First, fill the upper-left and lower-right as follows:

0000X
000X1
00X11
0X111
X1111

Then, if we alternately fill the X parts with \(0\) and \(1\), the condition is satisfied. For the proof, it suffices to show that “the sum of the numbers of paths from X that became \(0\) to somewhere in the upper-left” equals “the sum of the numbers of paths from X that became \(1\) to somewhere in the lower-right”.
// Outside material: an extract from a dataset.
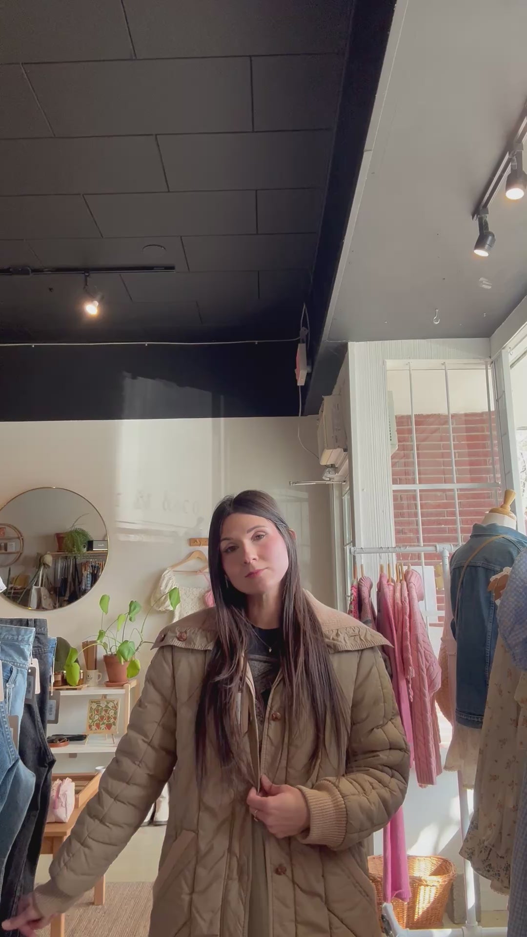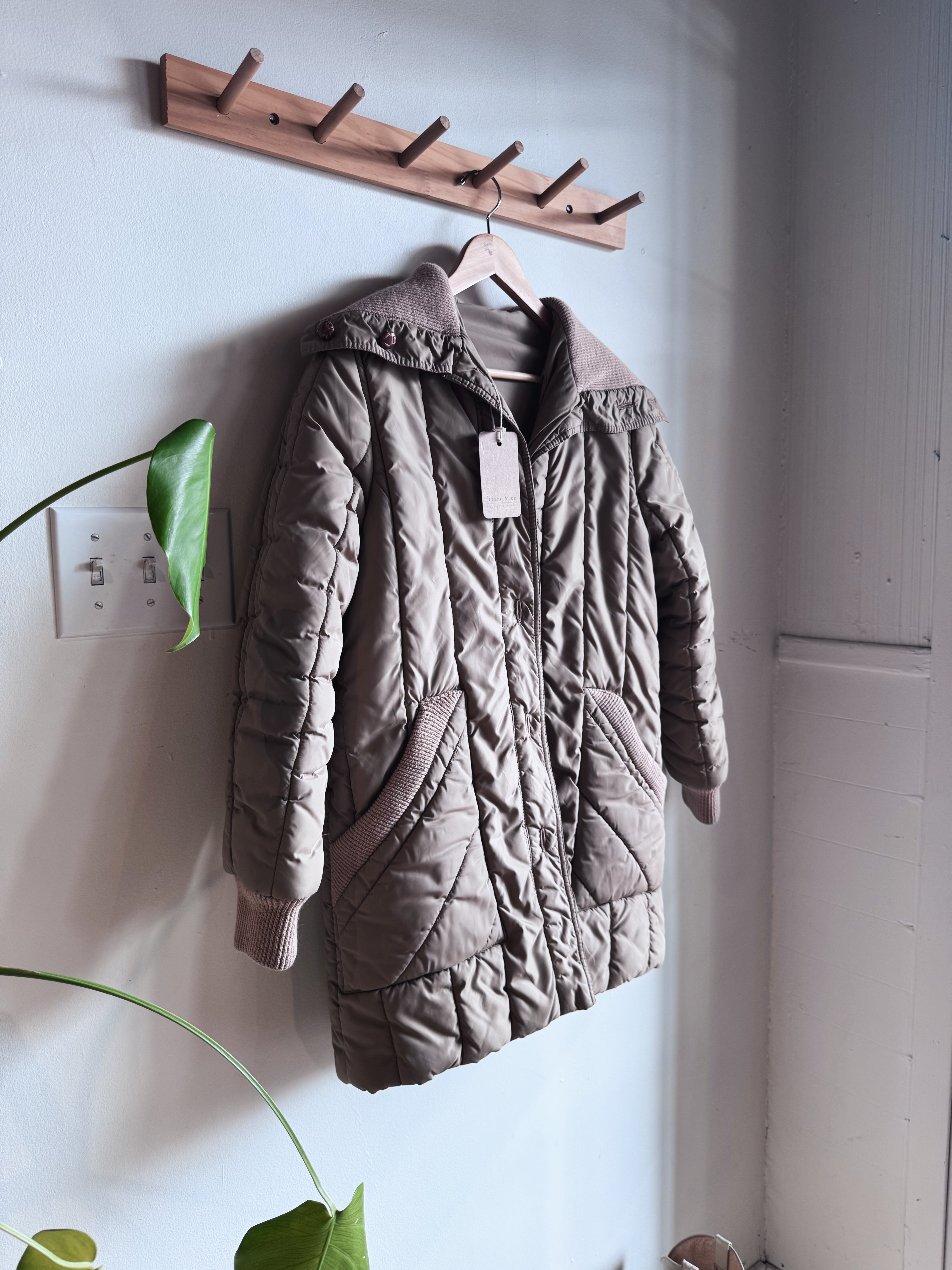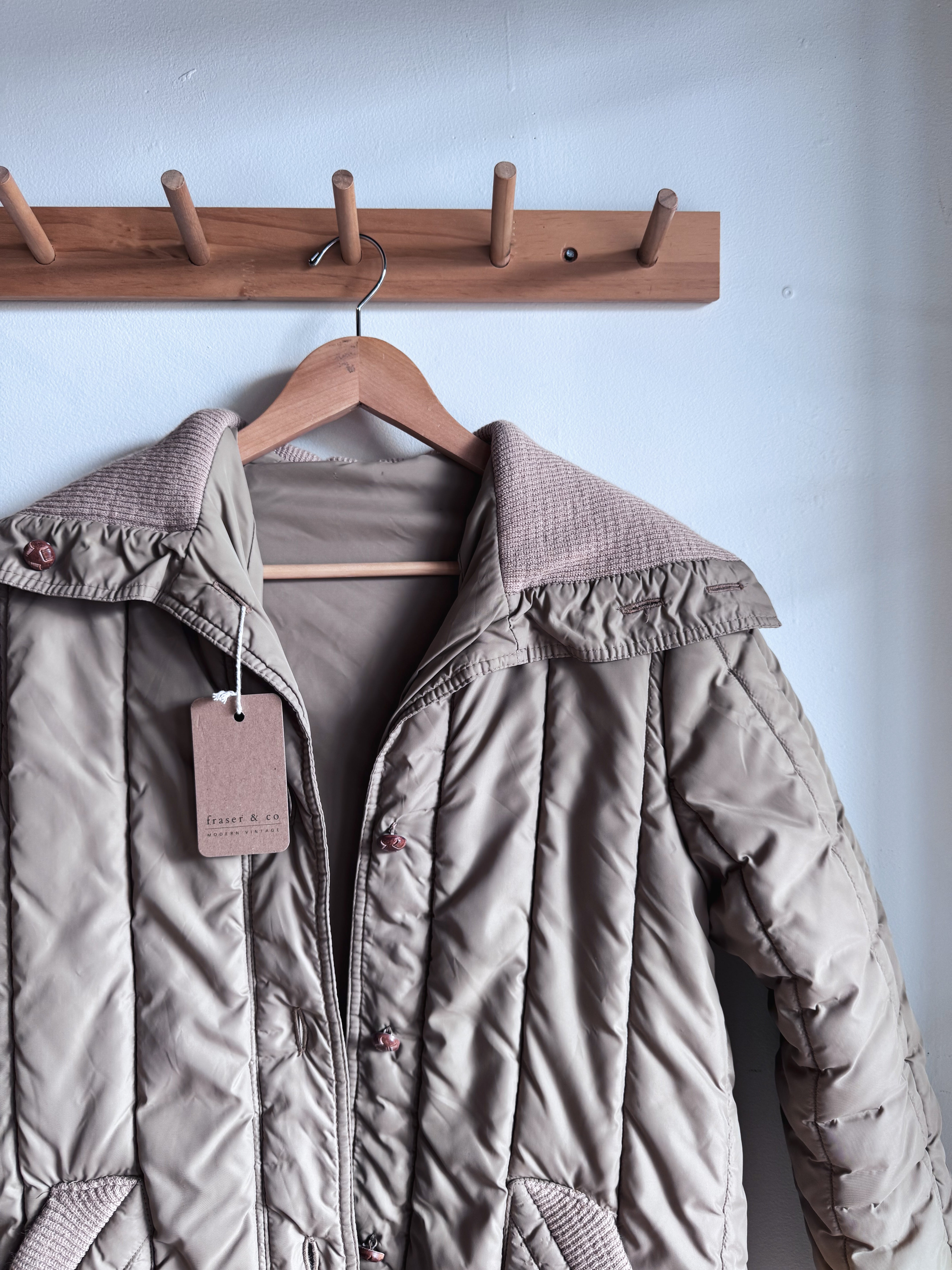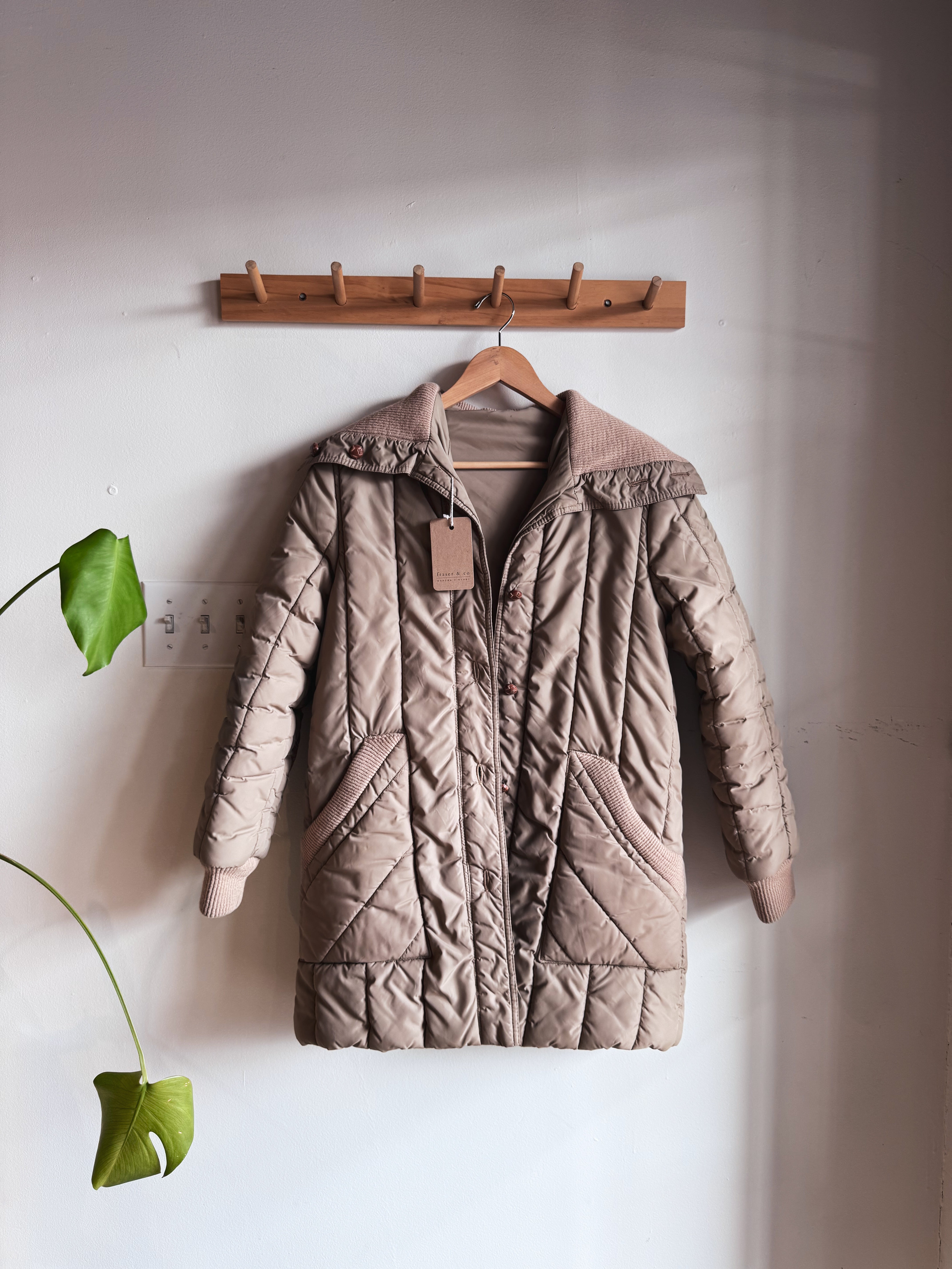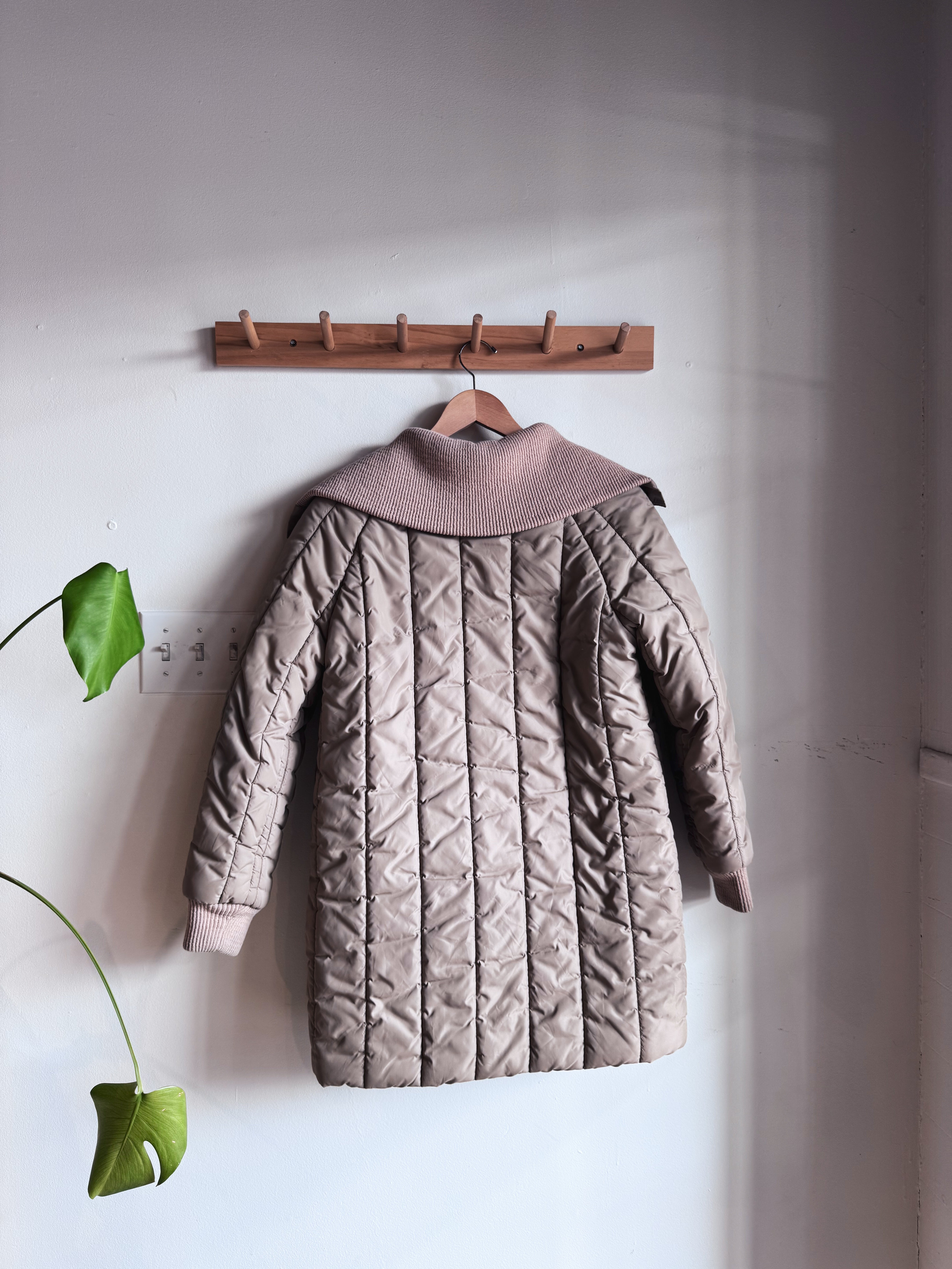 vintage beige quilted long button up coat | M

If we allow not moving at all, the number of paths from cell \((i,N-i+1)\) to somewhere in the lower-right is \(\sum_{a=0}^{i-1} \sum_{b=0}^{N-i} \binom{a+b}{a}\). This becomes the problem “How many ways are there to choose at most \(i-1\) and \(N-i\) copies of \(0\) and \(1\) and arrange them?” The answer to this problem is \(\binom{N+1}{i} - 1\) by the correspondence “arrange \(i\) and \(N-i+1\) copies of \(0\) and \(1\) freely, then remove the last two blocks consisting of the same value from the back”. (The \(-1\) accounts for the fact that we cannot distinguish between 000011 and 110000.)

Thus, by excluding the path that does not move at all, the number of paths from cell \((i,N-i+1)\) to somewhere in the lower-right is \(\binom{N+1}{i} - 2\). Also, the number of paths from \((i,N-i+1)\) to somewhere in the upper-left equals this value.

We show \(f(0) = f(1)\). This is trivial when \(N\) is even, so consider when \(N\) is odd. Basically, \(\binom{N+1}{i}\) are divided into those with even \(i\) and those with odd \(i\), so the values are equal. Since there are no parts for \(i=0,N+1\), the even side has \(2\) less, and then the \(-2\) part is subtracted one more time on the odd side, so they cancel out, resulting in \(f(0) = f(1)\).